== SUPPLIED RECORDS
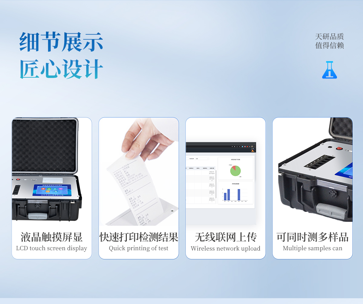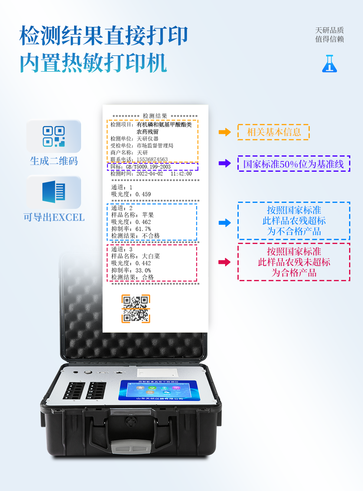 | 安卓智能操作系統(tǒng),采用更加**的UI交互界面,儀器具有wifi聯(lián)網(wǎng)上傳、4G聯(lián)網(wǎng)傳輸、GPRS無(wú)線遠(yuǎn)傳、網(wǎng)線連接功能,快速批量上傳數(shù)據(jù)。 | 智能化程度高,儀器具有自檢功能:具有開機(jī)自檢和調(diào)零功能,具有自動(dòng)檢測(cè)重復(fù)性功能。 | 新一代高速熱敏打印機(jī),檢測(cè)完成可自動(dòng)打印或批量打印檢測(cè)報(bào)告和二維碼。 | 儀器帶有監(jiān)管平臺(tái),數(shù)據(jù)可局域網(wǎng)和互聯(lián)網(wǎng)數(shù)據(jù)上傳,檢測(cè)結(jié)果直接傳至食品安全監(jiān)管平臺(tái)。進(jìn)行區(qū)域食品安全監(jiān)管及大數(shù)據(jù)分析處理與數(shù)據(jù)統(tǒng)計(jì),檢測(cè)區(qū)域食品安全長(zhǎng)短期動(dòng)態(tài),達(dá)到食品安全問(wèn)題預(yù)估、預(yù)警 | 一體化主機(jī),包含食品安全檢測(cè)模塊、多通道農(nóng)藥殘留檢測(cè)模塊、膠體金免疫層析檢測(cè)模塊。 | 一體化便攜式快檢設(shè)備,滿足現(xiàn)場(chǎng)及流動(dòng)檢測(cè)使用需求,能夠在同一軟件下實(shí)現(xiàn)所有檢測(cè)項(xiàng)目的檢測(cè),并可通過(guò)同一窗口直觀顯示檢測(cè)結(jié)果。 | 膠體金模塊檢測(cè)方式:軌道式自動(dòng)傳輸掃描,檢測(cè)完成后自動(dòng)退出檢測(cè)卡。 | CT線自動(dòng)識(shí)別,無(wú)需手動(dòng)調(diào)整。 | 內(nèi)置強(qiáng)大的數(shù)據(jù)庫(kù),具有多品類多種類樣品菜單功能,可靈活選擇檢測(cè)樣品,不同的檢測(cè)通道可同時(shí)檢測(cè)不同的樣品項(xiàng)目。也可在儀器上直接編輯錄入樣品名稱、檢測(cè)指標(biāo)、送檢單位等信息并保存進(jìn)樣品數(shù)據(jù)庫(kù)。 | 產(chǎn)品內(nèi)置操作演示視頻,是您身邊的化驗(yàn)指導(dǎo)專家。 | 樣品處理簡(jiǎn)單省力,整體操作快速、安全、便捷。 | 儀器具有自身保護(hù)功能,可設(shè)置用戶名及密碼,防止非工作人員操作等。 | 高靈敏度,高檢測(cè)精度,高重復(fù)性精度,掃描式高精度光學(xué)傳感器。 | 結(jié)果判定線可修改,對(duì)照值標(biāo)定值可保存,斷電不丟失數(shù)據(jù)。 | 兼容市場(chǎng)上所有的膠體金卡,使用耗材不受限制,極大增強(qiáng)用戶使用體驗(yàn)。 | 儀器具有重新校準(zhǔn)、鎖定、恢復(fù)出廠設(shè)置功能。 |
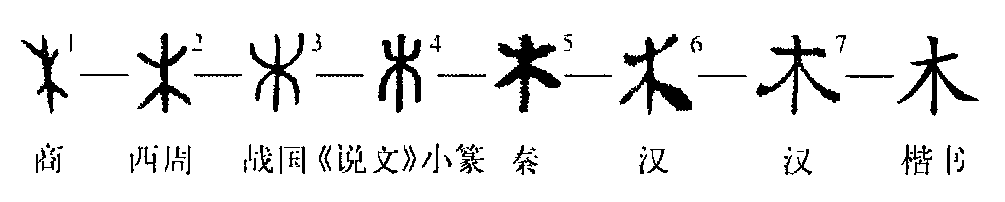 “木”字是個(gè)部首字。在漢字中,凡是從“木”的字,大都與樹(shù)木有關(guān),如“本”、“末”、“朱”、“束”、“析”、“果”等字。
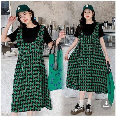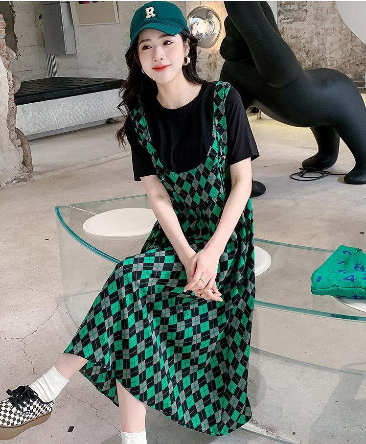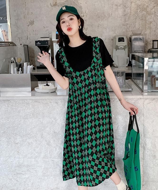大きいサイズ レディース ワンピース グリーン 重ね着風 春夏 秋 新品 半袖
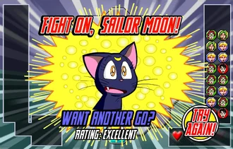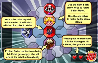 Each robot contains a different color crystal (either red, blue, yellow, or green), and Luna the cat shows the player what color crystal to strike, should multiple robots appear at once. Using the arrow keys to control both Sailor Scouts (Moon on one side, Jupiter on the other), the player then must hit the space bar to revert her classmates back to normal.
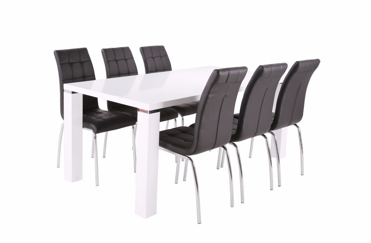 Metro-setissä on 180 cm pitkä ruokapöytä + 6 mustaa Krista-tuolia, joissa vaahtomuovipehmuste. Pöydässä maalattu valkoinen taso & kromikoristetut jalat. Tutustu!
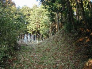 上の腰曲輪から続いていく横堀。この辺りでは、あまり幅が広くはない。
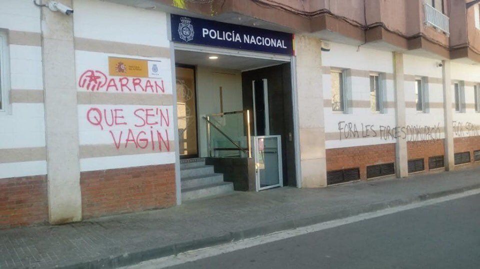 En la fachada de la comisaría de la Policía Nacional en Rubí, y bajo la firma de Arran se puede leer, «Que se vayan«, «Fuera las Fuerzas de Okupación» y «Fuck Spain«. Una muestra más de la intolerancia de los separatistas.
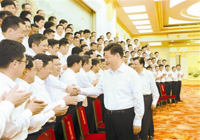6月30日,党和国家领导人习近平、刘云山等在北京人民大会堂会见全国优秀县委书记。 新华社记者 兰红光 摄
====
- [WORK REQUEST] From the line containing "En la fachada" down to the last line of the entries above, set down every line exactly. Omit all pictures.

- [RESULT]
 En la fachada de la comisaría de la Policía Nacional en Rubí, y bajo la firma de Arran se puede leer, «Que se vayan«, «Fuera las Fuerzas de Okupación» y «Fuck Spain«. Una muestra más de la intolerancia de los separatistas.
6月30日,党和国家领导人习近平、刘云山等在北京人民大会堂会见全国优秀县委书记。 新华社记者 兰红光 摄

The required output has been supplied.